IPFS is a good candidate for the features required to do this,
but any system with similar features can also be used.


### Future work

<!-- initial TODO
 - Updating and syncing separate indices. Mergeable replicated data types

 - Integrating into wort. wort as minimal shim over decentralized infra.
-->

In the current version only the content of each node (internal or leaf) is stored in a decentralized manner,
but index construction and updating is not synchronized.
There is no protocol for merging changes if multiple users start from the same index but update it with their own data.
This is an active area of research,
but recent developments involving Conflict-Free Replicated Data Types (CRDTs) [@shapiro_conflict-free_2011],
and especially Mergeable Replicated Data Types (MRDTs) [@kaki_mergeable_2019] point in promising directions,
with the latter defining semantics for merging tree-like structures that are applicable to MHBTs.

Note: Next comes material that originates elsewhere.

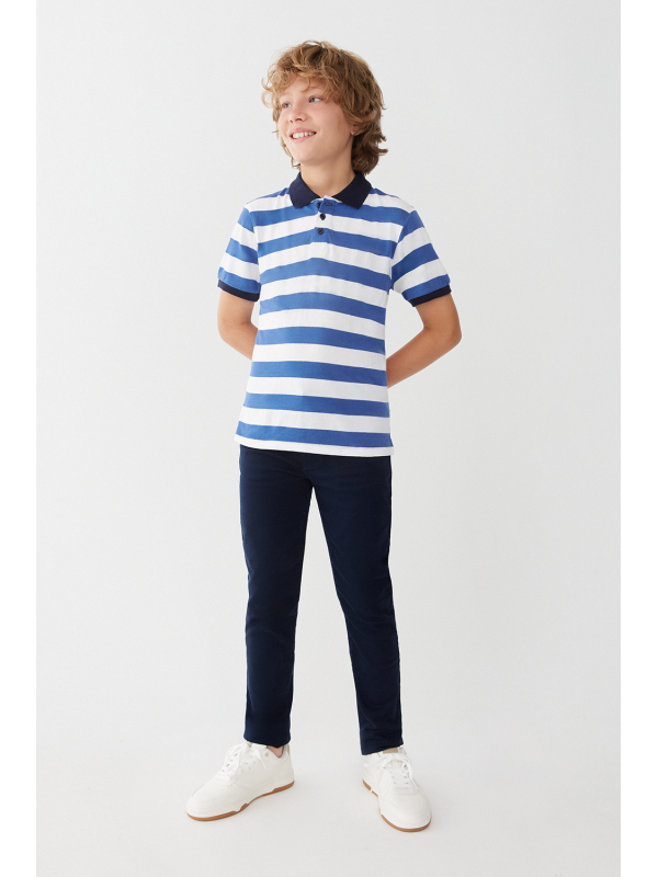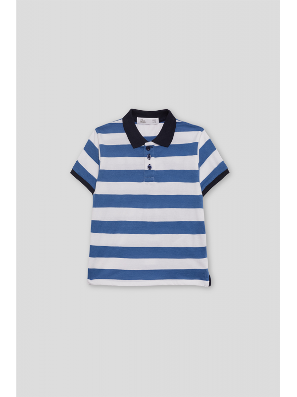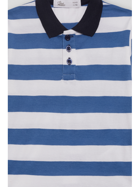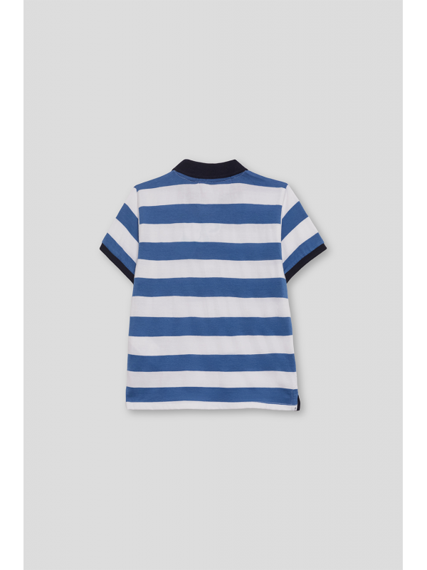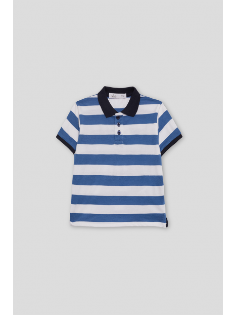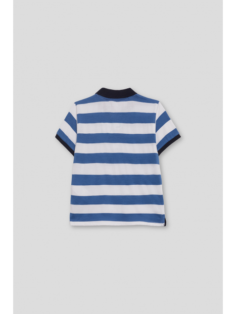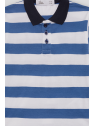 Este polo de estilo clásico y moderno combina rayas anchas en azul y blanco para un look fresco y veraniego. Cuenta con cuello de punto en color azul marino y una tapeta con tres botones que le añaden un toque elegante y versátil. Las mangas cortas terminan con un ribete en el mismo tono del cuello, aportando armonía al diseño.

While these methods can provide the technical means for fully decentralized indices,
they don't solve organizational problems that also arise,
or even if the system design should aim for a global index that is updated with every single new signature that
is added to an initial index.
For public databases there is a ground truth that provides what signatures should be present in an index,
but private collections of signatures could be organized as a group of users
sharing a single index and updating each other local copies when any user add
new signatures.

`wort` initially focused in calculating signatures for public genomic databases,
but since it already has the immutable parts of MHBTs (the signatures) available
on IPFS it is a good candidate for being extended and also provide leaf-only
MHBT indices for these databases.

<!-- TODO this might be better in chapter 4? -->
While the `wort` service is currently implemented as a central server that coordinates new submissions and requests for computing new signatures,
the main benefit it brings is a clear API that doesn't have to change if the implementation start using other technologies.
As an example,
the first prototype uploaded the data only to AWS S3,
and the IPFS upload was added later.
Moreover,
there is also a command-line interface (CLI) that currently communicates directly with the central API for downloading data,
but following the same principle of the public interface of the CLI not changing
if the implementation changes it can serve as a minimal shim over more decentralized approaches.